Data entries
>>>
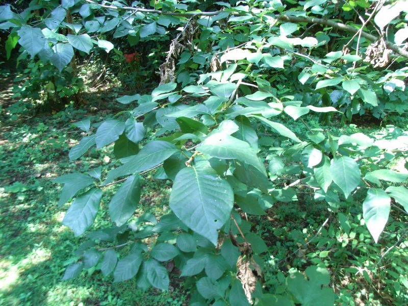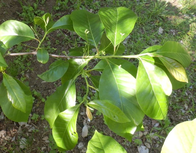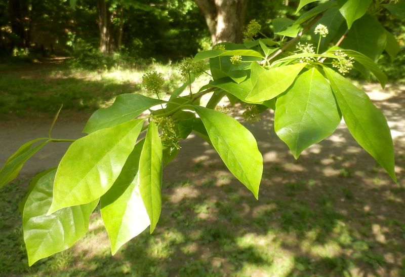 葉は互生し、先のとがった長さ5〜12センチの楕円形で、
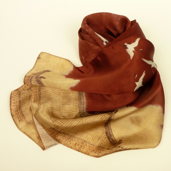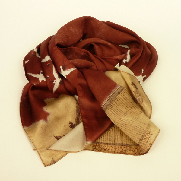 Szal jest bordowy, w odcieniu czerwonego wina. U dołu beżowy pas, na którym jest dach jakby chińskiej pagody. Na dachu stoją dwa ptaki, które przypominają żurawie. Powyżej tych ptaków jest więcej, latających. Środek szala bez wzoru, ptaki biało-czarne. To efektowny szal, który przyciąga uwagę.
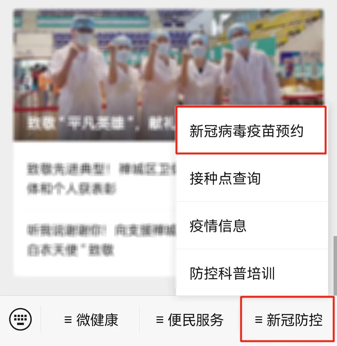 1.关注“健康禅城”,点击菜单栏【新冠防控】-【新冠病毒疫苗预约】
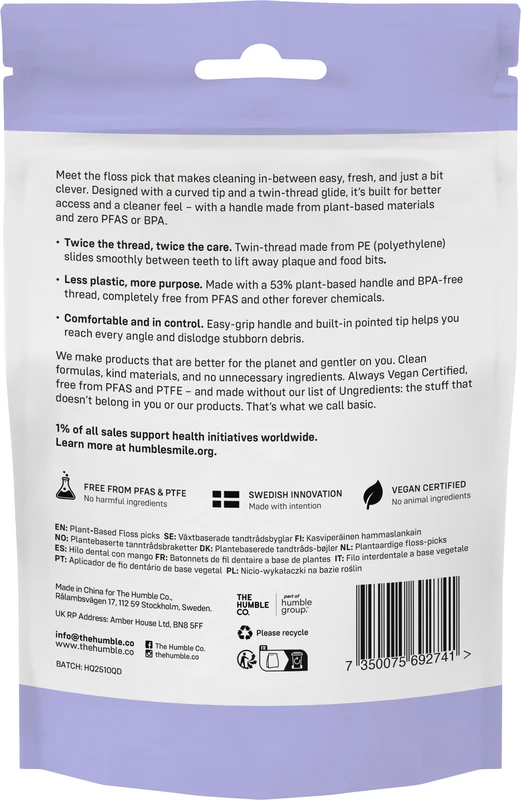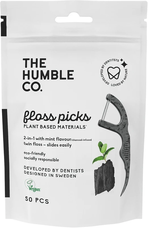 Humble Floss Picks sind Zahnstocher und Zahnseide in einem. Der ergonomische Griff auf Pflanzenbasis mit integriertem Zahnstocher ermöglicht die gründliche Reinigung der Zahnzwischenräume auch an schwer zugänglichen Stellen. Die innovative doppelte Fadenführung mit leicht strukturierter Oberfläche sorgt dafür, dass Speisereste effektiv entfernt werden. Humble Floss Picks haben einen frischen Minzgeschmack und sind mit oder ohne Zusatz von Aktivkohle für natürliche Zahnaufhellung erhältlich. Mit einer Verpackung aus recyceltem Papier und der Verwendung von nachwachsenden Rohstoffen wird jetzt auch die Pflege der Zahnzwischenräume zu einem nachhaltigen Erlebnis.
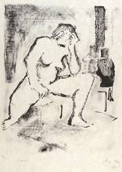 1961. Lithografie / Pinsel- & Kreidelithografie, in Schwarz, auf grobfasrigem kräftigem Japanbütten. – Originale Künstlergrafik, von Rudi Lesser. – Auflage Exemplar Nr. 5/10. – 48,0 x 37,5 cm (Darstellung / Druckbild), 67 x 49 cm (Blatt).
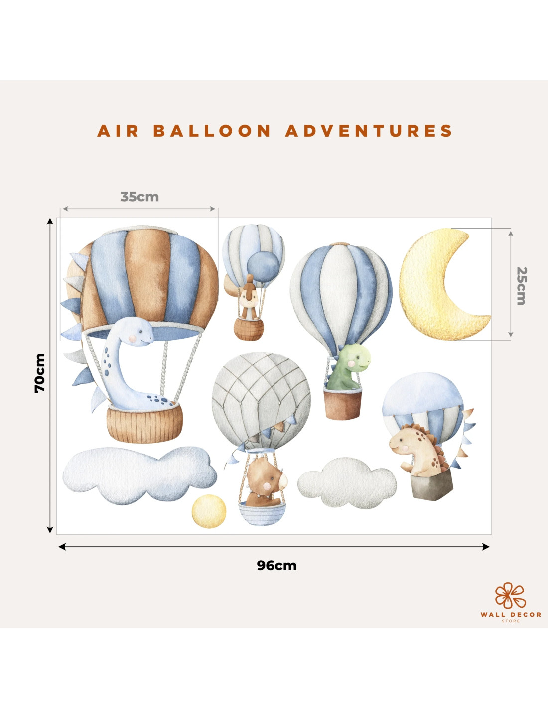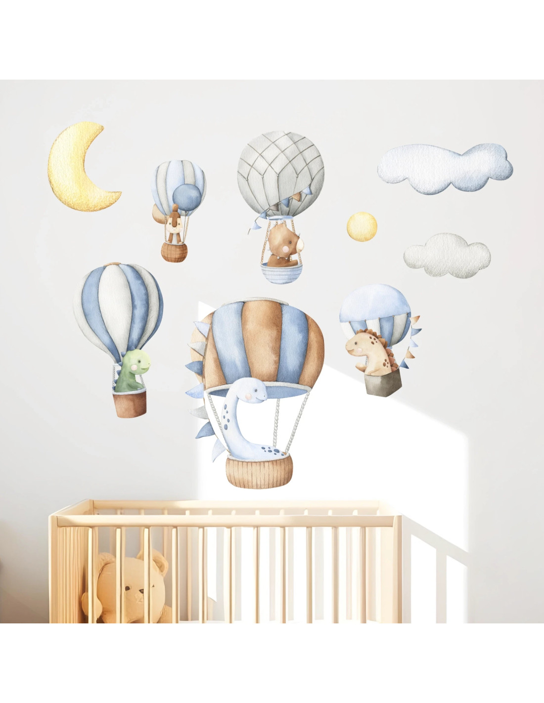 Set di adesivi da muro composto da 5 mongolfiere con dinosauri, 2 nuvolette, 1 sole e 1 luna in stile watercolor.
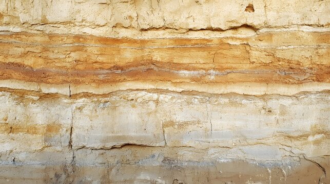 A sedimentary rock formation shows distinct layers of earth tones created by geological stratification process.
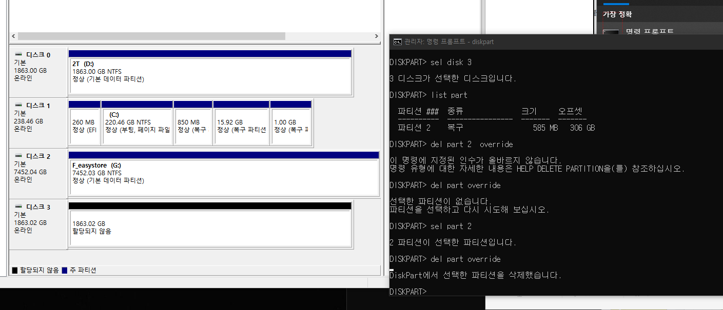 보통 이렇게 하면 일반 파티션을 지워진다.
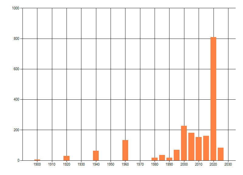 Het aantal atlasblokken (5x5 km) waarin de soort is gemeld binnen een periode van vijf jaar (vanaf 1980) of twintig jaar. Niet gecorrigeerd voor waarnemersinspanning en het aantal doorgegeven waarnemingen kan sterk variëren per periode, dus een trend in verspreiding kan hier niet direct uit worden afgelezen. Het opgegeven jaartal is het eerste jaar van de periode. Bron: gevalideerde waarnemingen uit de NDFF.
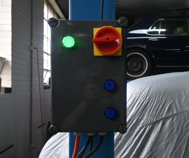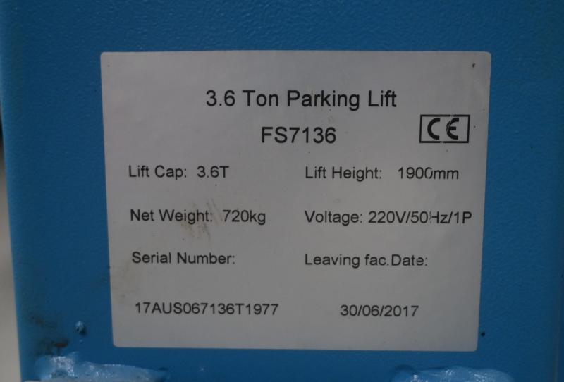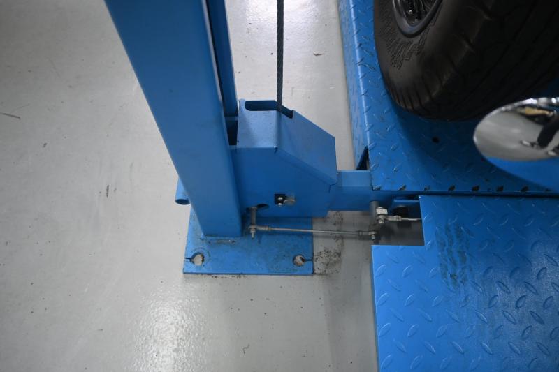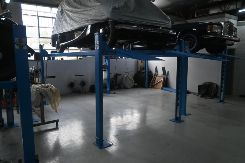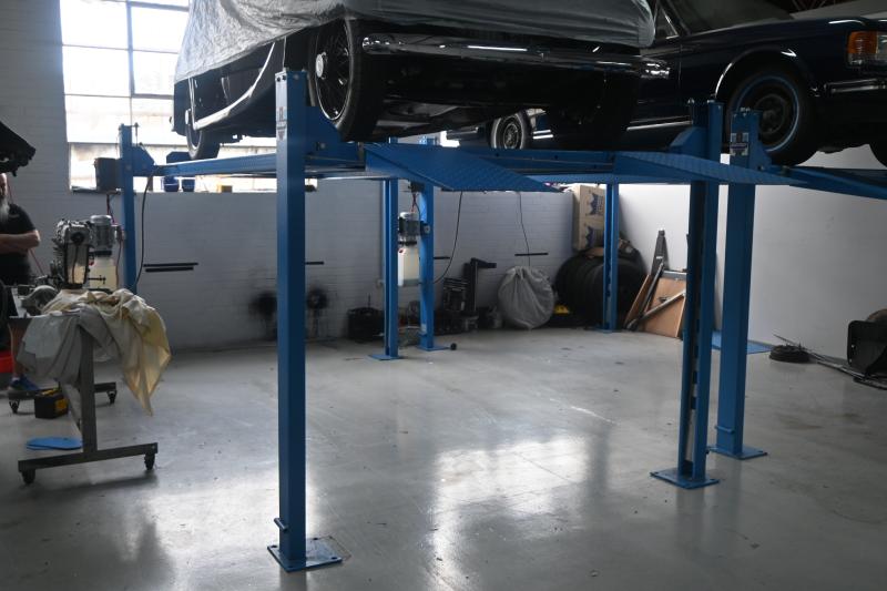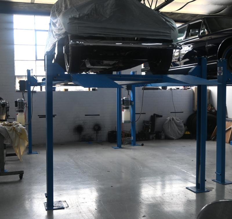 Lot 70A of 128: HOIST: A four post 240v hydraulic vehicle hoist 3600kg load capacity, complete with approach ramps and moving dollies. [Location: Mount Waverley]
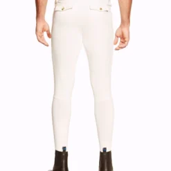 Men’s knee patch riding breeches feature Ariat’s revolutionary V3 Fit System for a no-gap fit in the waist. Men’s hunter/jumper horse show breeches are durable enough for schooling, too. Available in Tan or White for all your show ring needs and to coordinate with riding shirts, vests, and jackets.
<<<
EXERCISE DESCRIPTION
Keeping every word as it is, write out all the data and omit the pictures.

EXERCISE RESPONSE
 葉は互生し、先のとがった長さ5〜12センチの楕円形で、
 Szal jest bordowy, w odcieniu czerwonego wina. U dołu beżowy pas, na którym jest dach jakby chińskiej pagody. Na dachu stoją dwa ptaki, które przypominają żurawie. Powyżej tych ptaków jest więcej, latających. Środek szala bez wzoru, ptaki biało-czarne. To efektowny szal, który przyciąga uwagę.
 1.关注“健康禅城”,点击菜单栏【新冠防控】-【新冠病毒疫苗预约】
 Humble Floss Picks sind Zahnstocher und Zahnseide in einem. Der ergonomische Griff auf Pflanzenbasis mit integriertem Zahnstocher ermöglicht die gründliche Reinigung der Zahnzwischenräume auch an schwer zugänglichen Stellen. Die innovative doppelte Fadenführung mit leicht strukturierter Oberfläche sorgt dafür, dass Speisereste effektiv entfernt werden. Humble Floss Picks haben einen frischen Minzgeschmack und sind mit oder ohne Zusatz von Aktivkohle für natürliche Zahnaufhellung erhältlich. Mit einer Verpackung aus recyceltem Papier und der Verwendung von nachwachsenden Rohstoffen wird jetzt auch die Pflege der Zahnzwischenräume zu einem nachhaltigen Erlebnis.
 1961. Lithografie / Pinsel- & Kreidelithografie, in Schwarz, auf grobfasrigem kräftigem Japanbütten. – Originale Künstlergrafik, von Rudi Lesser. – Auflage Exemplar Nr. 5/10. – 48,0 x 37,5 cm (Darstellung / Druckbild), 67 x 49 cm (Blatt).
 Set di adesivi da muro composto da 5 mongolfiere con dinosauri, 2 nuvolette, 1 sole e 1 luna in stile watercolor.
 A sedimentary rock formation shows distinct layers of earth tones created by geological stratification process.
 보통 이렇게 하면 일반 파티션을 지워진다.
 Het aantal atlasblokken (5x5 km) waarin de soort is gemeld binnen een periode van vijf jaar (vanaf 1980) of twintig jaar. Niet gecorrigeerd voor waarnemersinspanning en het aantal doorgegeven waarnemingen kan sterk variëren per periode, dus een trend in verspreiding kan hier niet direct uit worden afgelezen. Het opgegeven jaartal is het eerste jaar van de periode. Bron: gevalideerde waarnemingen uit de NDFF.
 Lot 70A of 128: HOIST: A four post 240v hydraulic vehicle hoist 3600kg load capacity, complete with approach ramps and moving dollies. [Location: Mount Waverley]
 Men’s knee patch riding breeches feature Ariat’s revolutionary V3 Fit System for a no-gap fit in the waist. Men’s hunter/jumper horse show breeches are durable enough for schooling, too. Available in Tan or White for all your show ring needs and to coordinate with riding shirts, vests, and jackets.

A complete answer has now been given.